• WHAT NEEDS TO BE DONE: Below are some entries. Repeat exactly the lines from the one with "生誕祭 昨日が生誕記念日だっ" through the one with "12月30日,遇難者家屬在韓", and only those.

• RECORDS TO USE:
☆ ☆ ☆ ☆ ☆ ☆ ☆
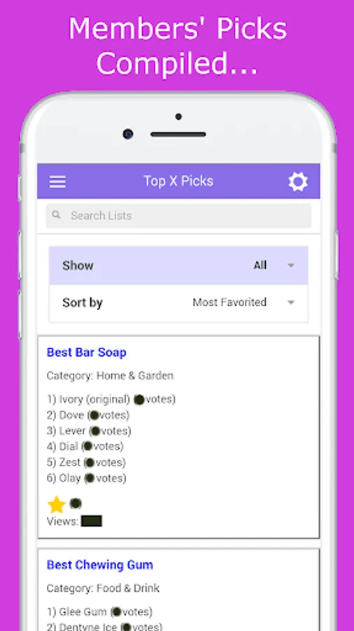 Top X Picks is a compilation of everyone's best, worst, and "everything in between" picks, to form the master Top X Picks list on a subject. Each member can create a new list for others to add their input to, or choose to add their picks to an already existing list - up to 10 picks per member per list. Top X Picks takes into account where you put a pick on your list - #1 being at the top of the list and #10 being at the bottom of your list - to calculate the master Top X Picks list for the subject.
☆ ☆ ☆ ☆ ☆ ☆ ☆
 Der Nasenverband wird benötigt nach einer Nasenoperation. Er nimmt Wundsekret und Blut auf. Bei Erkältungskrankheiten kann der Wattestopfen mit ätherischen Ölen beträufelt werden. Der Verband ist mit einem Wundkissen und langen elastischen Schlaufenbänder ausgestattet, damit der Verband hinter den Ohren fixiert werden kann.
☆ ☆ ☆ ☆ ☆ ☆ ☆
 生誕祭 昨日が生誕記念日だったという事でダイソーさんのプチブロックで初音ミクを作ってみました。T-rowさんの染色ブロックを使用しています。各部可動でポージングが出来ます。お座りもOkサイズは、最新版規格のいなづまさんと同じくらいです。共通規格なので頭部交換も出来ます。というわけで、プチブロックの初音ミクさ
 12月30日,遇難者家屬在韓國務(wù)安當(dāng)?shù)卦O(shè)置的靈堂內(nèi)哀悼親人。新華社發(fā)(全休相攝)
☆ ☆ ☆ ☆ ☆ ☆ ☆
• RESULT FOR THIS TASK:
 生誕祭 昨日が生誕記念日だったという事でダイソーさんのプチブロックで初音ミクを作ってみました。T-rowさんの染色ブロックを使用しています。各部可動でポージングが出来ます。お座りもOkサイズは、最新版規格のいなづまさんと同じくらいです。共通規格なので頭部交換も出来ます。というわけで、プチブロックの初音ミクさ
 12月30日,遇難者家屬在韓國務(wù)安當(dāng)?shù)卦O(shè)置的靈堂內(nèi)哀悼親人。新華社發(fā)(全休相攝)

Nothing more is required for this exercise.